Asking high quality questions of yourself and others is an art. David Cooperrider says, “The first question you ask is fateful.” And further, that individuals and human systems tend to grow in the direction of the questions they ask on a regular basis.

Here’s question that’s swirling in my consciousness these days…I dreamed it up after spending a few days with David at a conference in January.

How can I consistently engage my nervous system in an appreciative way of being and develop a neural fascination for what gives life, what creates hope and what supports genuine contact and connection with myself and with others?

The theory and practice of Appreciative Inquiry has shown me that when strength connects to strength and hope is connected to hope, creativity and resources abound. Experience has also shown me that my habitual ways of thinking lean more towards the classic Highlights Magazine puzzles I loved as a kid…”What’s Wrong with This Picture?” Positive sustainable change and an appreciative view go hand in hand…what can you appreciate right here and now in your world?

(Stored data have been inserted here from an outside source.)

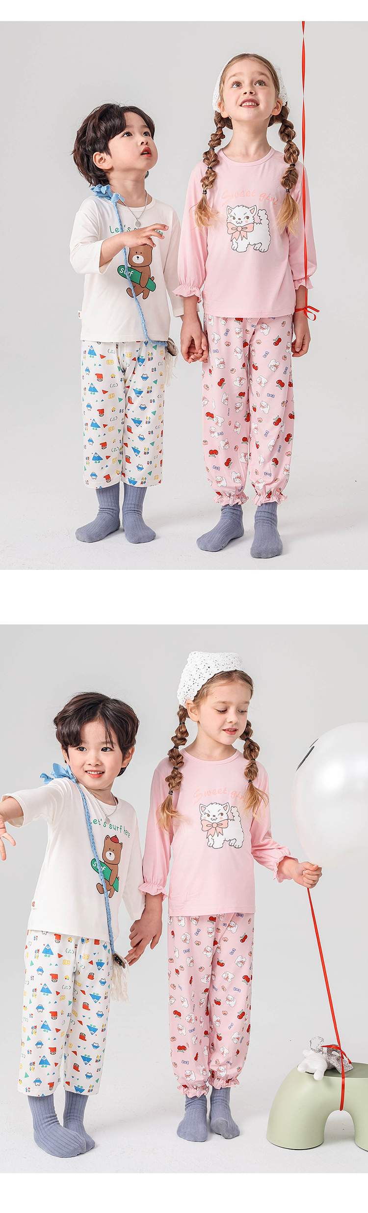 J103 디자이너 봄 야셀 어린이 가정 공주 레이스 소녀 잠옷 만화 클래스 에어컨 옷
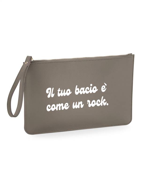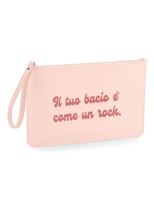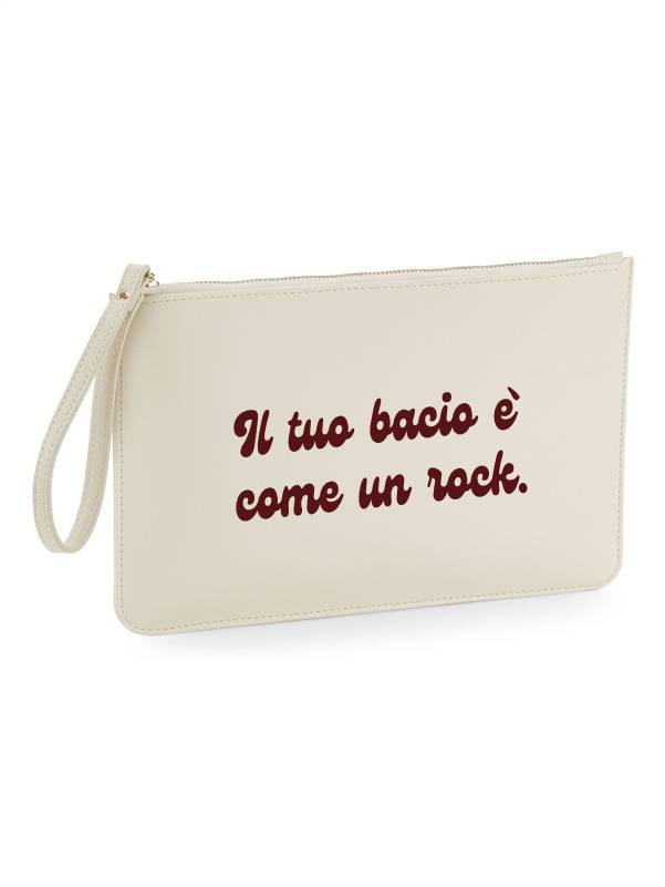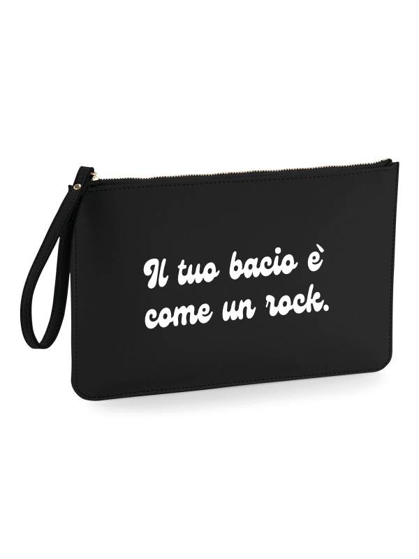 Pochette in ecopelle da donna con la scritta “il tuo bacio è come un rock”.
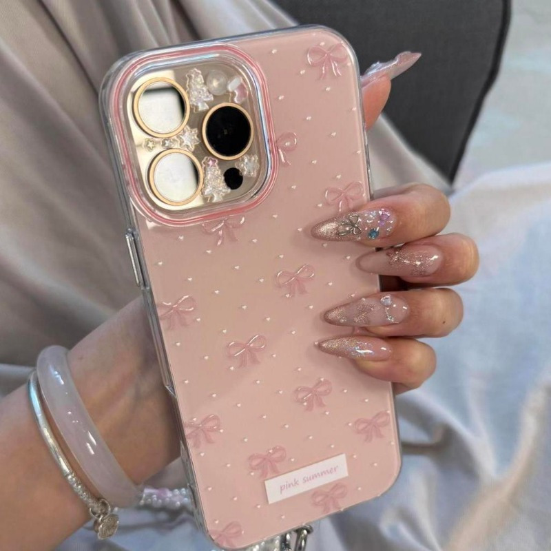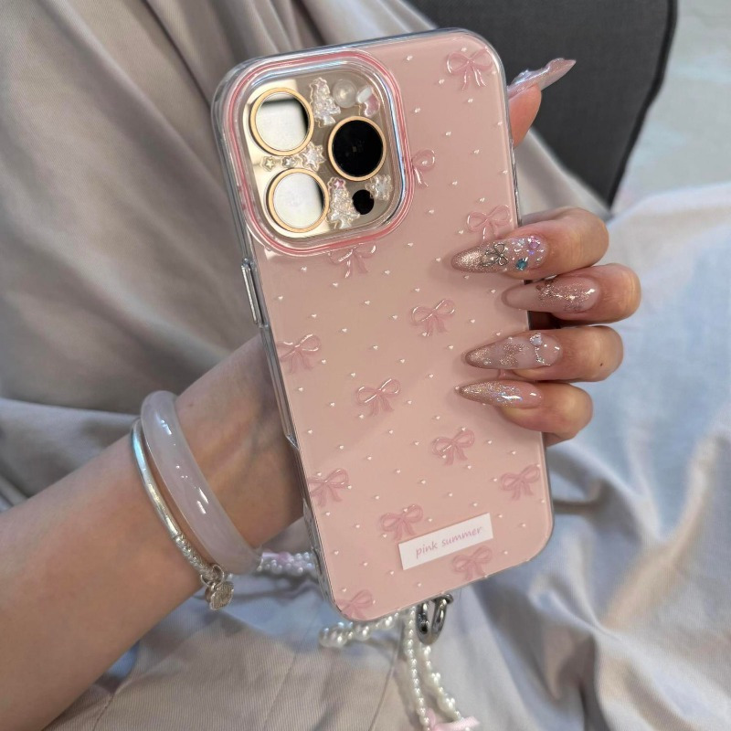 Girl’s Foundation Polka Dot Bowknot New Double Layer Suitable for iPhone 14/15 Case 11 12 12pro 12pm 13 13P 13promax 14 14pro 14promax 14plus 15 15pro 15plus 15pm 16 16pro 16plus 16promax Phone Cover
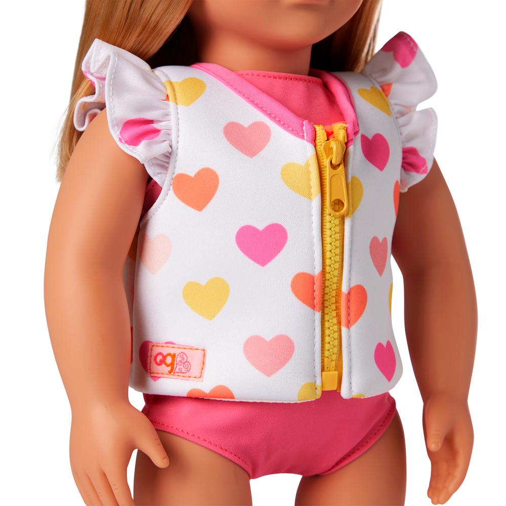 Prepare a sua boneca Our Generation para dias de sol e aventuras à beira da piscina com o Conjunto de Roupa Maiô e Acessórios! Este conjunto exclusivo para bonecas de 46 cm traz um maiô rosa com detalhes delicados em babados, combinando perfeitamente com a parte de baixo estilosa e o colete salva-vidas com estampa colorida de corações, garantindo diversão e segurança nas brincadeiras imaginativas. Completo com óculos de natação e sapatos transparentes para água, o conjunto oferece um visual moderno e pronto para mergulhar em histórias cheias de criatividade e aventura.Compatível com a maioria das bonecas Our Generation de 46 cm e seus acessórios, este kit é perfeito para quem deseja expandir o guarda-roupa da boneca com estilo e versatilidade. O Conjunto de Roupa Our Generation Maiô e Acessórios é a escolha certa para transformar cada dia em uma verdadeira festa na piscina!
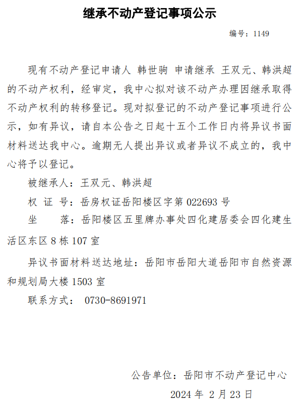 继承不动产登记公示 编号:韩世驹(1149)
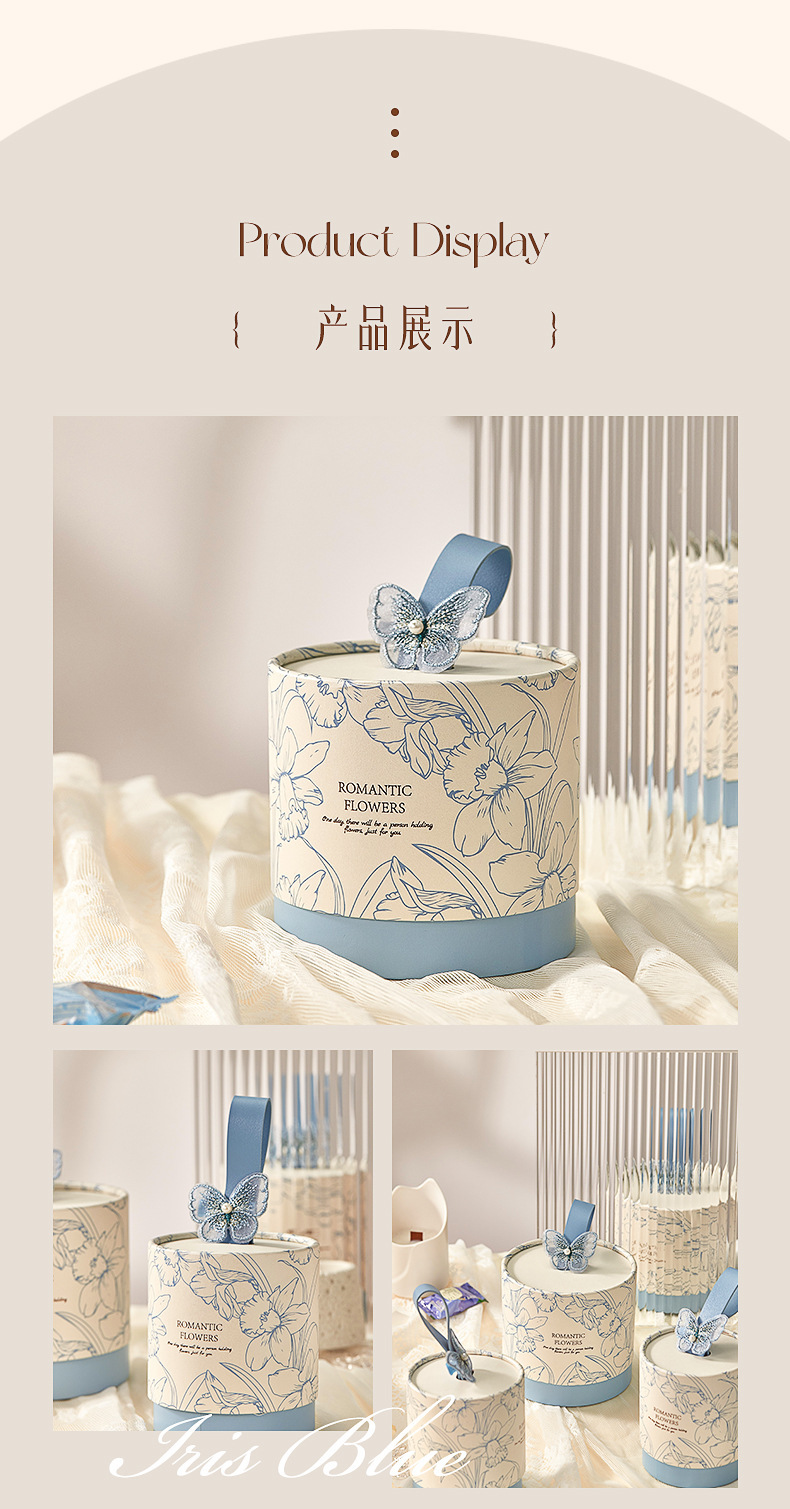 Specification model: Iris blue/h22 cylinder box (medium) 12.6*12.6*11; songhua (2024 autum new product/dropshipping/excellent cooperative price)

To appreciate means to increase in value and to become sensitively aware of. Look around–find a friend, a co-worker, a teacher, a sibling, a parent, a child, your husband, your wife,your partner, a politician, a CEO, a clerk, a cashier, a blogger, an author, a musician, a colleague, a dentist, a doctor, a repair person…someone to appreciate–go on an appreciative rampage. Send emails, write a letter, make a phone call; develop and stretch your own capacity. By all means, stay alert to the quality of the questions you live in–as Merliee Adams puts it, “change your questions, change your life.”